Today, a few choice quotes from Margaret Atwood, because I can:
From
Negotiating With the Dead
-"Normal youths sneered at the artsies, at least at the male ones, and sometimes threw them into snow banks. Girls of an artistic bent were assumed to be more sexually available than the cashmere twin-set ones, but also mouthier, crazier, meaner, and subject to tantrums: getting involved with one was therefore more trouble than the sex might be worth."
-"By
two, I mean the person who exists when no writing is going forward--the one who walks the dog, eats bran for regularity, takes the car in to be washed, and so forth--and that other, more shadowy and altogether more equivocal personage who shares the same body, and who, when no one is looking, takes it over and uses it to commit the actual writing."
-"The written word is so much like evidence--like something that can be used against you later."
-"An art of any kind is a discipline; not only a craft--that too--but a discipline in the religious sense, in which the vigil of waiting, the creation of a receptive spiritual emptiness, and the denial of self all play their part."
-"Should the god of the artist be Apollo the Classicist, with his beautiful formality, or Mercury, the mischief-maker, trickster, and thief?"
-"It isn't the writer who decides whether or not his work is relevant."

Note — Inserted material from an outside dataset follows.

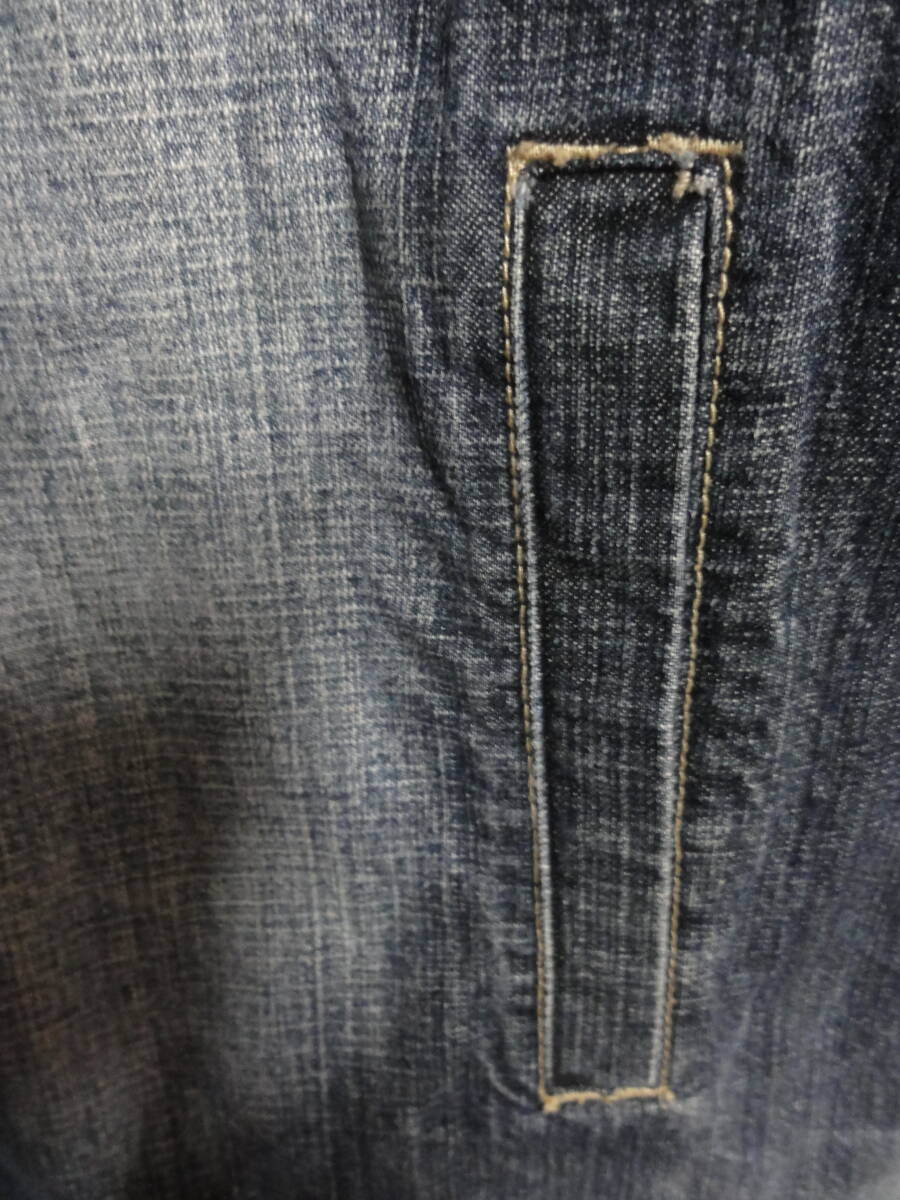 ダメージ加工系デニム素材ブルゾンの中古品、古着としての程度は、全体的には並程度位(個人的主観です)かと思いますが、あくまで中古品及び素材・製法・染色等の性質上、使用感、シワ、部分的傷汚れ(見落とし含む)、色褪せ等はあるかと思いますので、ダメージ加工系製品の使用感~ダメージ感を伴う中古品・古着をお好きかお探しの方、受け入れ可能な方のみ、超特大レアモデルの現状販売中古品をご了承のうえご入札下さい。

-"Its [the chapter's] hypothesis is that not just some, but
all writing of the narrative kind, and perhaps all writing, is motivated, deep down, by a fear of and a fascination with mortality."
-"I had a boyfriend once who sent me--in a plastic bag, so it wouldn't drip--a real cow's heart with a real arrow stuck through it. As you may divine, he knew I was interested in poetry."
-"A book is another country. You enter it, but then you must leave: like the Underworld, you can't live there."